Those are the ones with prefix readwrite.....track_peakmem... that now have all zeros. I will revert this change. It seems like I was misunderstanding how that memory calc worked: when I run on my laptop, I guess I'm seeing memory effects from a bunch of other processes. When it runs on a dedicated machine in CI, it's probably fine.

There are new benchmarks I've written in benchmarks/benchmarks/backed_hdf5.py (BackedHDF5.....timed_fancy_index...) that will fail on main without this PR, because they cover new functionality.
Maybe it's a bad idea to include things like that? Not sure what you think.

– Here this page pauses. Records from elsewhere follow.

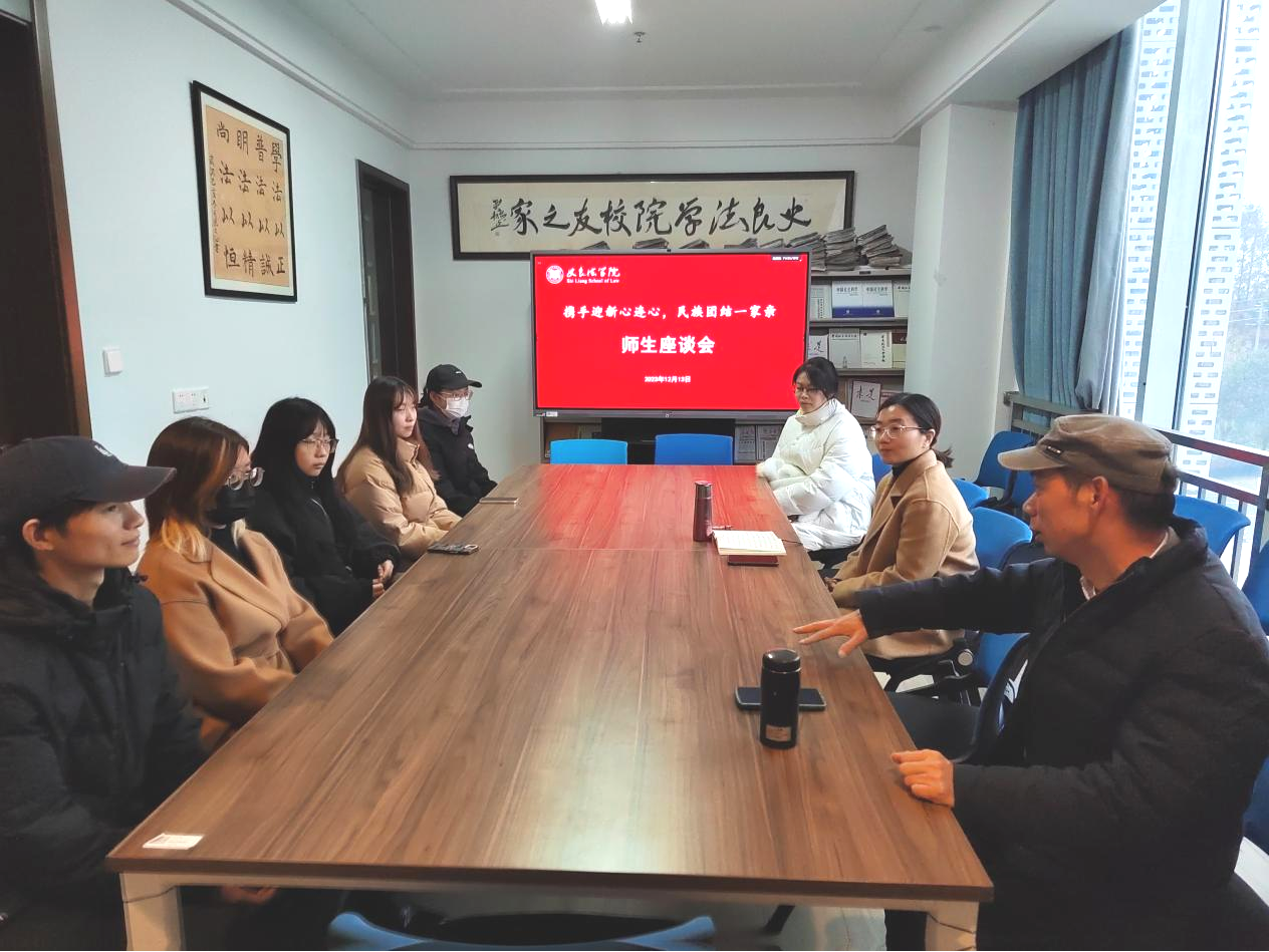 为进一步引导我院师生铸牢中华民族共同体意识,加强与各族师生的沟通与交流,全面了解各族师生的学习、工作与生活情况,12月13日,史良法学院特举办“携手迎新心连心,民族团结一家亲”师生座谈会。本次会议由院党委书记陈婷主持,徐新意教授和各族师生参会。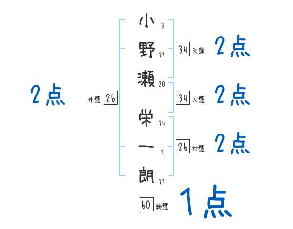 外運![]() | 小野瀬栄一朗さんの外運は26画の2つ星!波瀾万丈かも。信頼できる人を大事にしましょう。 生活面を象徴する運勢です。外部から受ける影響力を表し、結婚運、家庭運や職場、環境への順応性を表します。 |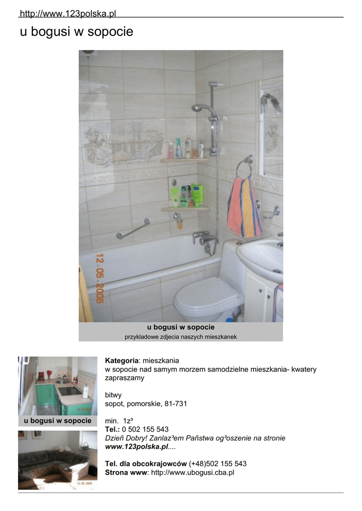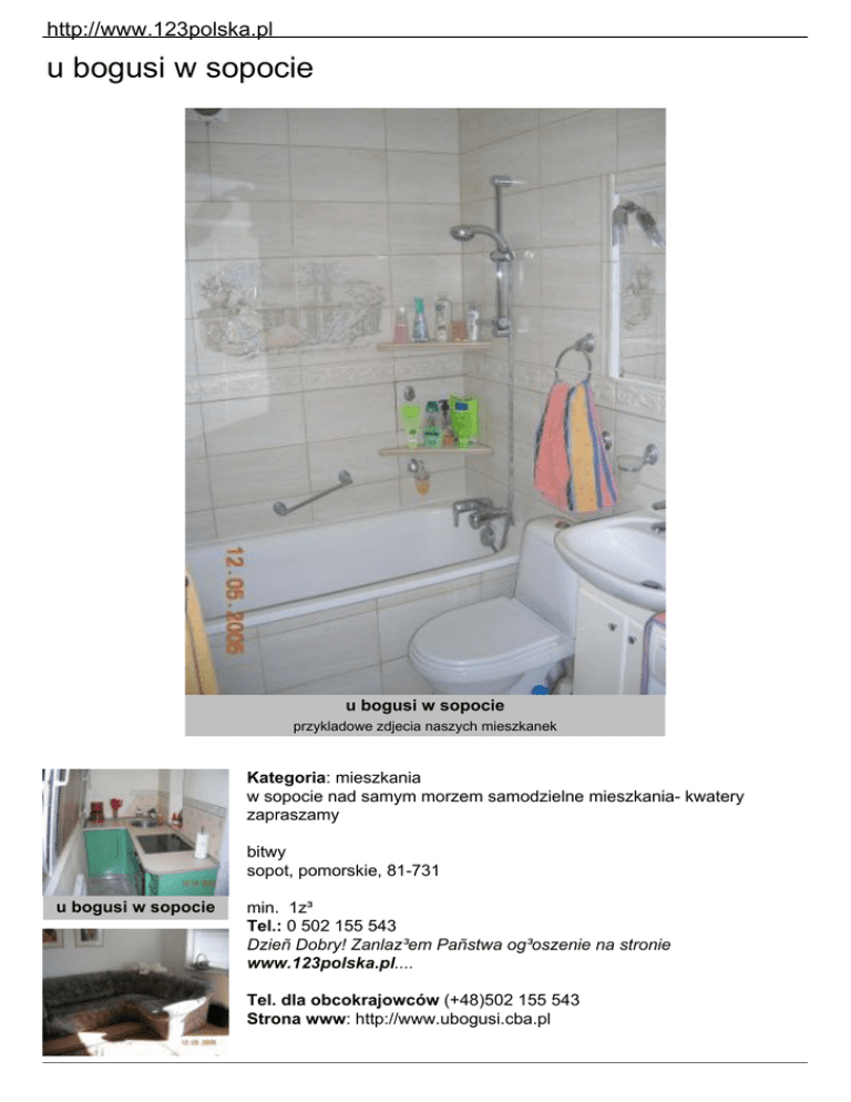 http://www.123polska.pl u bogusi w sopocie u bogusi w sopocie przykladowe zdjecia naszych mieszkanek Kategoria: mieszkania w sopocie nad samym morzem samodzielne mieszkania- kwatery zapraszamy bitwy sopot, pomorskie, 81-731 u bogusi w sopocie min. 1z³ Tel.: 0 502 155 543 Dzieñ Dobry! Zanlaz³em Pañstwa og³oszenie na stronie www.123polska.pl.... Tel. dla obcokrajowców (+48)502 155 543 Strona www: http://www.ubogusi.cba.pl http://www.123polska.pl u bogusi w sopocie • Nad morzem Rabaty/Promocje: np. Uwaga! Przy rezerwacji 2 miesi±ce wcze¶niej: 25 % rabatu ! Obiekt: sezonowy Pe³en opis obiektu Sopot - 100 metrow od plazy !!!Luksusowe apartamenty, mieszkania 1,2,3 pokojowe w dolnym Sopocie nad samym morzem. Nowocze¶nie umeblowane i wyposa¿one kwatery. W pokojach telewizory. Kuchnie wyposa¿one w nowoczesny sprzêt gospodarstwa domowego. £azienki zaopatrzone w sanitariaty.W ofercie równie¿ pokoje go¶cinne nad samym morzem.Informacja i rezerwacja miejsc tylko pod nr tel. 0 502 155 543http://www.ubogusi.cba.pl Oferowane pokoje: Cena za ca³o¶æ: Cena za dobê (za ca³o¶æ): 100 z³ Cennik: inne np. od 25.12 do 2.01 - +20% od 23.06 do 31.08 - -5% dla studentów Mo¿liwo¶æ wykupienia obiadów w cenie 12z³/os...; ceny do negocjacji; cena za ca³y domek 200z³/db; cena za ³ó¿ko dostawiane 30z³; sylwester +20%, ..., Za basen symboliczna op³ata... Opis otoczenia np. O¶rodek le¿y w przepiêknie po³o¿onej dolinie....., tu¿ nad potokiem..... Z tarasu widaæ szczyty gór..., które szczególnie piêknie prezentuj± siê w blasku zachodz±cego s³oñca. Bezpo¶rednie s±siedztwo jeziora sprawia, ¿e powietrze latem jest..... Atrakcje turystyczne: np. 2 km do Jaskini Jana, ruiny zamku XIII w., gor±ce ¬ród³a Czarne, itd. Dojazd: np. szczegó³y na stronie internetowej np. Jad±c tras± z ... do ..., ok. 30 km od ....., skrêæ w lewo w stronê wsi ... . Po przejechaniu 1,5km w±sk± szos± skrêæ ponownie w lewo na brukowana drogê, która nale¿y przejechaæ kolejne 1,5km do skraju lasu, n W pobli¿u: do sklepu: 0.1 km

I can run the full benchmarking suite locally with asv run --python same. The benchmarks I've added take about 22 mins to run. The full run of all benchmarks (including those new ones) completes in 25 mins and everything looks okay. Things also look good compared to main if I run on main and then do asv compare.

But it looks like I've added too much to the benchmarking. I'm going to cut down on the number of new ones so as not to bog down the benchmarking suite. I think I went way overboard.

sjfleming · 2025-10-21T19:33:44Z

I've pared down the new benchmarks so that they run in 2 additional minutes.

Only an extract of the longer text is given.